Summary of characteristics to distinguish between GTS, chemotherapeutic retroconversion and malignant transformation

	Growing teratoma syndrome	Chemotherapeutic retroconversion	Malignant transformation (carcinomatous/sarcomatous)
Tumor markers	Normal/decreased	Normal/decreased	Elevated
Size	Gross increase	No/mild increase	Increase
Margins	Well-defined	Well-defined	Ill-defined and infiltration of surrounding structures
Cystic areas	+	+	+/−
Calcification, internal septations, necrotic areas	+/−	+/−	+/−

Medical therapy with interferon has been reported to have some benefit in patients with large lesions with size-related complications and not suitable for surgery. 21 After surgery for GTS, patients are followed up with serial CT imaging at least once every 6 months for the first year and then yearly for the minimum next 4 years, as late recurrences of GTS have been described and also seen in our case series. 17 Two of our cases showed the development of new lesions with GTS transformation (which were not seen in the initial scans) during/post completion of chemotherapy. Hence, follow-up imaging plays a very crucial role. We acknowledge that our study is limited by its retrospective nature and the small numbers. However, generation of real-world data plays a significant role in guiding treatment decisions in rare entities like GTS.
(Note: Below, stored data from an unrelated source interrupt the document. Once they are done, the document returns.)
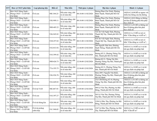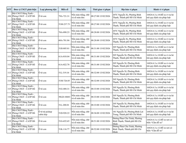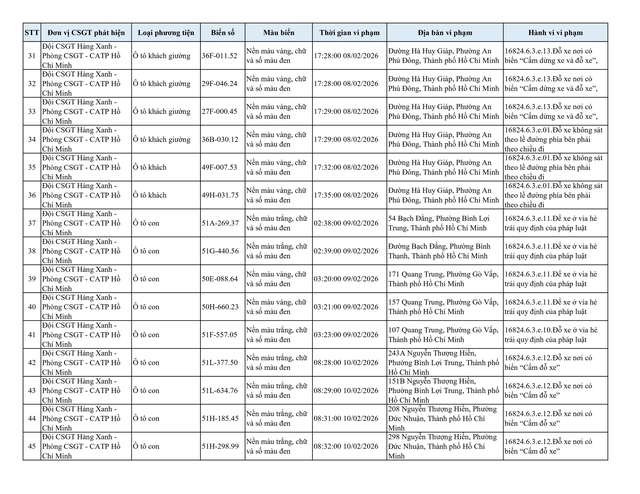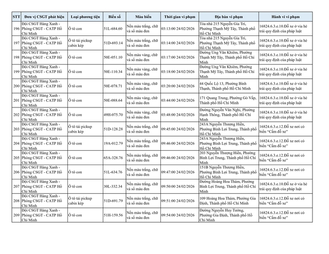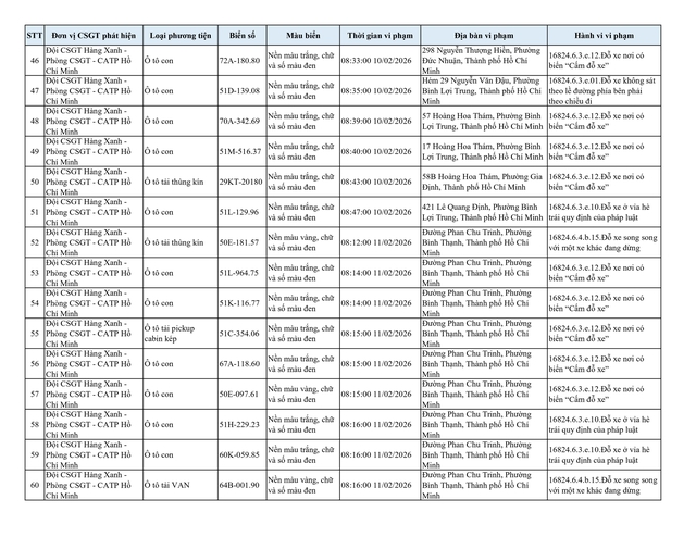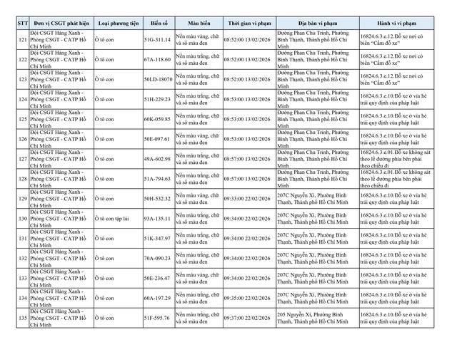 Chiều 2.3, Đội CSGT Hàng Xanh (thuộc Phòng CSGT – PC08 Công an TP.HCM) thông tin về danh sách phương tiện vi phạm lỗi dừng, đỗ không đúng quy định đã bị lực lượng chức năng ghi nhận và xử lý qua hình ảnh.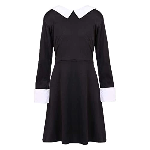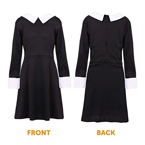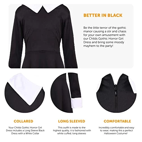 - COSTUME DETAILS: Your Childs Gothic Horror Girl Dress includes a Long Sleeve Black Dress with a White Collar and Sleeves, and a zip up black to slip in and out of the dress whenever you want!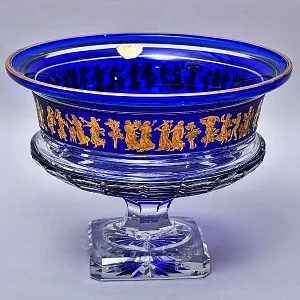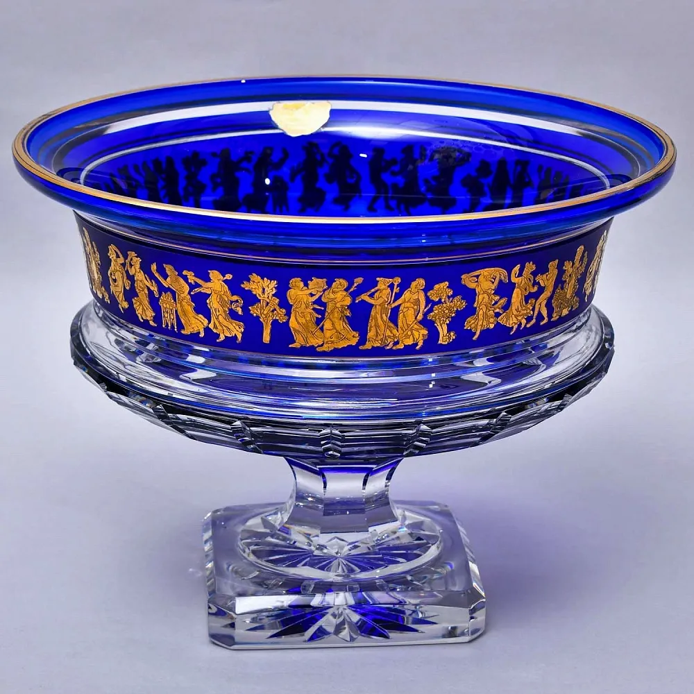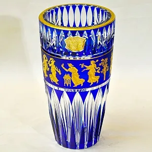 Большая Роскошная Хрустальная Ваза для цветов амфорной формы "Танец" - "Jupiter. Dance De Flore". Накладной хрусталь глубокого синего цвета, знаменитая мануфактура VAL SAINT LAMBERT (Вал Сан Ламберт), Бельгия середина ХХ века. 100% ручная работа, высочайшая геометрия шлифа с максимальной глубиной резки, роспись золотом, сигнирование. Всё сделано в лучших традиция высочайшего качества хрустальной марки VAL SAINT LAMBERT.

Patients with NSGCTs from low middle-income countries like ours often present with large retroperitoneal or mediastinal masses that may not be amenable for surgical excision due to their extent and often remain on follow-up. 22 There is also a higher rate of treatment abandonment among our patients with testicular cancer when compared with their Western counterparts, which in turn increases the likelihood of GTS transformation of residual masses. 22 This reiterates the need for early recognition of GTS among our patients, considering that timely surgery is curative.

Conclusion

GTS is a rare entity characterized by the increase in size of metastatic lesions in patients with NSGCTs on or following chemotherapy, in the presence of normal serum tumor markers. Diagnosis is made on serial radiological imaging and presence of only residual mature teratoma on the excised surgical specimen. Radiological features in favor of GTS are the development of better-defined lesions with development of cystic areas, fat density, and calcifications. Early clinicoradiological diagnosis followed by complete surgical excision improves survival outcomes of these patients and avoids unnecessary and futile escalation to other lines of chemotherapy.